ASSIGNMENT: Take the entries below and reproduce exactly the portion that begins at the line containing "SS Infinity Trading" and ends at the line containing "本次我院共收到138名学生提", keeping both ends, dropping pictures, and adding nothing else.
++++ RECORD EXCERPTS ++++
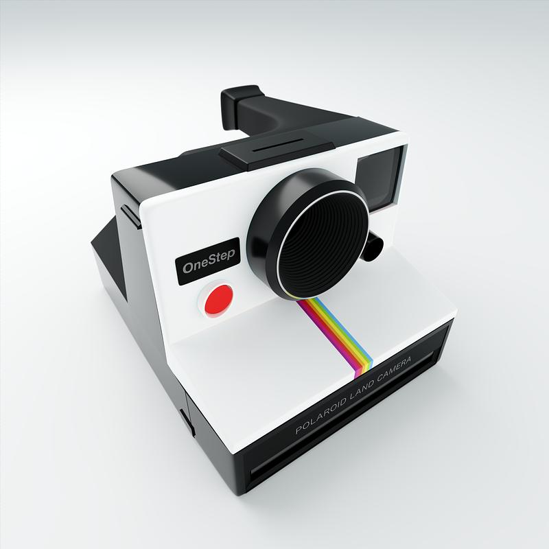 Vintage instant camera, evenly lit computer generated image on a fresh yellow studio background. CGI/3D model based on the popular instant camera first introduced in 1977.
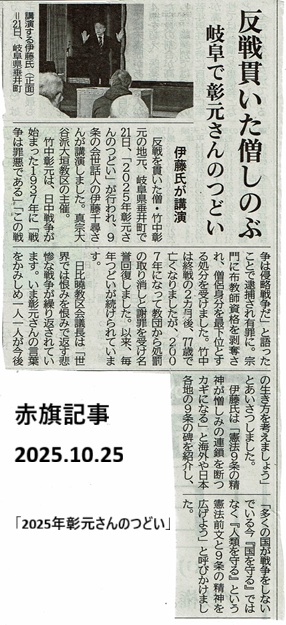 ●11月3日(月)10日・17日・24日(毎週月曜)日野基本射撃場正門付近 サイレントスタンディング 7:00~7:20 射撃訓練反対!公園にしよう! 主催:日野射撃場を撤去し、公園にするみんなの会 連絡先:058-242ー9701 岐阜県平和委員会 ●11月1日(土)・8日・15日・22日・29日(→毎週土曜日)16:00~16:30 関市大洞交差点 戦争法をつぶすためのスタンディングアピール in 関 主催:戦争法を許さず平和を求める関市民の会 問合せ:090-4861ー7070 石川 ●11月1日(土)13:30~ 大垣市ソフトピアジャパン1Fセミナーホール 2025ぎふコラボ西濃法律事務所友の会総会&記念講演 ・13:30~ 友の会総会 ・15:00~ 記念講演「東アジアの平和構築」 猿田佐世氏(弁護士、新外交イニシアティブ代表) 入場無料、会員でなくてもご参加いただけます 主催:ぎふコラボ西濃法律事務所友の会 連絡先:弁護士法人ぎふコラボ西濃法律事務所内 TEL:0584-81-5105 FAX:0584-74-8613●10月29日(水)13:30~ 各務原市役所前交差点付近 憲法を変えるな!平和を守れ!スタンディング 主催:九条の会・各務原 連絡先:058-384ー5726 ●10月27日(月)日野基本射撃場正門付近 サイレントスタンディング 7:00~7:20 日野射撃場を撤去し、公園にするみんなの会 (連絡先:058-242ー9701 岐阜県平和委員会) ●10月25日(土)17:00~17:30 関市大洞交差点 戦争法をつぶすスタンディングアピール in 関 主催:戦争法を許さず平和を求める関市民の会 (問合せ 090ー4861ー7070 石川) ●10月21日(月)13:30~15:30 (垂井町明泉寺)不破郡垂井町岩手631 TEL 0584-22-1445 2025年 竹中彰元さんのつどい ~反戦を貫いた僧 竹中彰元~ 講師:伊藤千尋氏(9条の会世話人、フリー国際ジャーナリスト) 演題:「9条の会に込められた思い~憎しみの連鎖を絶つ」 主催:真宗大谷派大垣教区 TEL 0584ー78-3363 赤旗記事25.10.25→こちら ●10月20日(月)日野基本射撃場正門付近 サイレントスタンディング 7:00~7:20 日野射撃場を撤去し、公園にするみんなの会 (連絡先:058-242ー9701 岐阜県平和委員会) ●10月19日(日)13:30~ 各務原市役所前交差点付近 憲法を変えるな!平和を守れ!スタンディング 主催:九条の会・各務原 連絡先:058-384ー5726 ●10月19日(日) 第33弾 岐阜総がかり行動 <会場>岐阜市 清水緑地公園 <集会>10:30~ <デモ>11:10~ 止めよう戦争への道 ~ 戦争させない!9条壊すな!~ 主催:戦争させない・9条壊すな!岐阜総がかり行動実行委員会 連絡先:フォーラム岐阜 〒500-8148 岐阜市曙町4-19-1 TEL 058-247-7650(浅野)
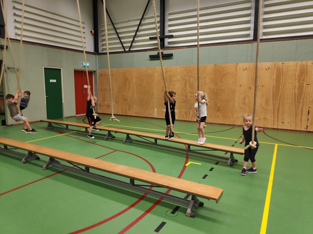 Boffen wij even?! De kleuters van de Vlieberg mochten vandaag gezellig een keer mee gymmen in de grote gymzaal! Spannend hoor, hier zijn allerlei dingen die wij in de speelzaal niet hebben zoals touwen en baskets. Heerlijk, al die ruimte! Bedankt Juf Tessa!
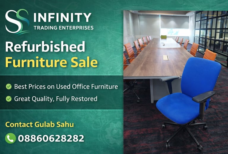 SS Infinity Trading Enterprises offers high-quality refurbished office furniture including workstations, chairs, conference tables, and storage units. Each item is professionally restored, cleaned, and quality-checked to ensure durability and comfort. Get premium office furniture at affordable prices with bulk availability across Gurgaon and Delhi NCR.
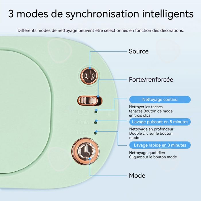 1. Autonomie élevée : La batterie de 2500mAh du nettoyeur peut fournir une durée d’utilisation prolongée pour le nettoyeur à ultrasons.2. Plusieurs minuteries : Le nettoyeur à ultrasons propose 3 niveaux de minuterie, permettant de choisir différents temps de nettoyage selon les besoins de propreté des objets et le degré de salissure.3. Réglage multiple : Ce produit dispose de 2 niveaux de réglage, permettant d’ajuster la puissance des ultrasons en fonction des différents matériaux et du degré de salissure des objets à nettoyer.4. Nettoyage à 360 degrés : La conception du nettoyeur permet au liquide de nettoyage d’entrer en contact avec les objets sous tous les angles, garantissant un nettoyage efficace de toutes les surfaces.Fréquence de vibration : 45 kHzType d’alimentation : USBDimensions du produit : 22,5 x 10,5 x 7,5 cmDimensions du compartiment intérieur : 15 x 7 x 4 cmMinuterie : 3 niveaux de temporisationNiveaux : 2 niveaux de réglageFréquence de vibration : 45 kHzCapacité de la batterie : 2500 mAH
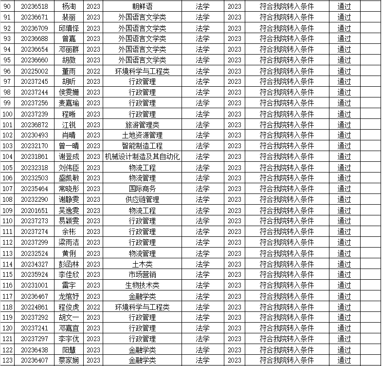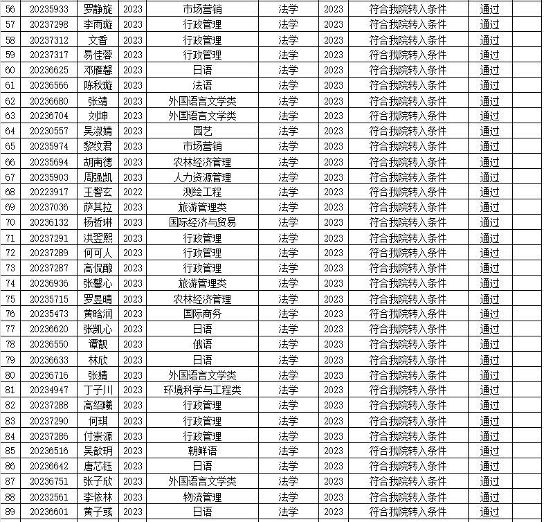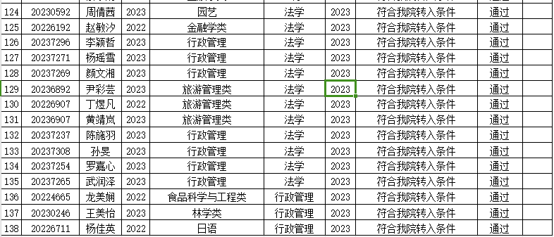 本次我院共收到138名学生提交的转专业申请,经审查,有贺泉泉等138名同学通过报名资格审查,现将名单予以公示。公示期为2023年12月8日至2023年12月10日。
++++
++++ RECORD EXCERPTS ++++
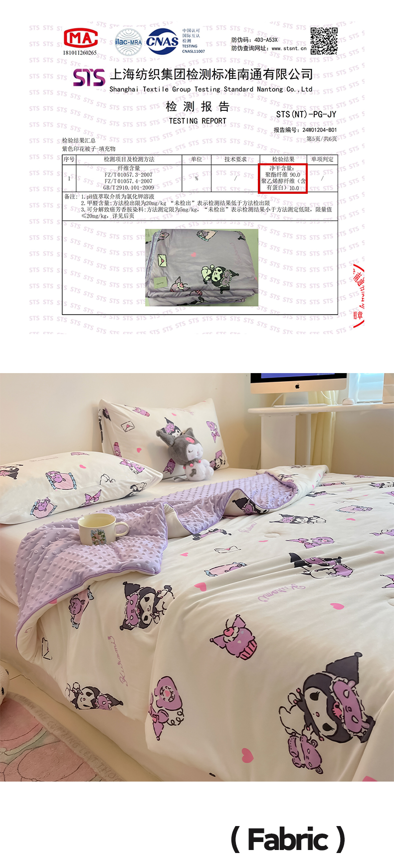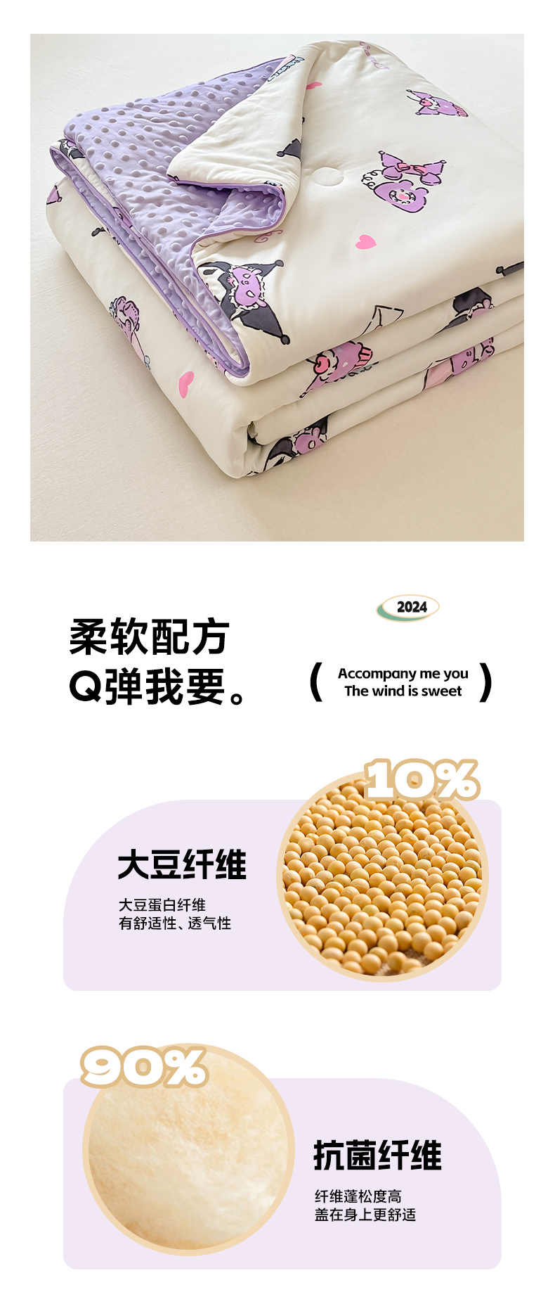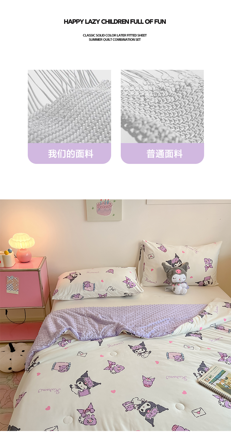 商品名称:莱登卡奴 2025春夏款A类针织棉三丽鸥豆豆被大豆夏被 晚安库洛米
++++
WORKED SOLUTION:
 SS Infinity Trading Enterprises offers high-quality refurbished office furniture including workstations, chairs, conference tables, and storage units. Each item is professionally restored, cleaned, and quality-checked to ensure durability and comfort. Get premium office furniture at affordable prices with bulk availability across Gurgaon and Delhi NCR.
 1. Autonomie élevée : La batterie de 2500mAh du nettoyeur peut fournir une durée d’utilisation prolongée pour le nettoyeur à ultrasons.2. Plusieurs minuteries : Le nettoyeur à ultrasons propose 3 niveaux de minuterie, permettant de choisir différents temps de nettoyage selon les besoins de propreté des objets et le degré de salissure.3. Réglage multiple : Ce produit dispose de 2 niveaux de réglage, permettant d’ajuster la puissance des ultrasons en fonction des différents matériaux et du degré de salissure des objets à nettoyer.4. Nettoyage à 360 degrés : La conception du nettoyeur permet au liquide de nettoyage d’entrer en contact avec les objets sous tous les angles, garantissant un nettoyage efficace de toutes les surfaces.Fréquence de vibration : 45 kHzType d’alimentation : USBDimensions du produit : 22,5 x 10,5 x 7,5 cmDimensions du compartiment intérieur : 15 x 7 x 4 cmMinuterie : 3 niveaux de temporisationNiveaux : 2 niveaux de réglageFréquence de vibration : 45 kHzCapacité de la batterie : 2500 mAH
 本次我院共收到138名学生提交的转专业申请,经审查,有贺泉泉等138名同学通过报名资格审查,现将名单予以公示。公示期为2023年12月8日至2023年12月10日。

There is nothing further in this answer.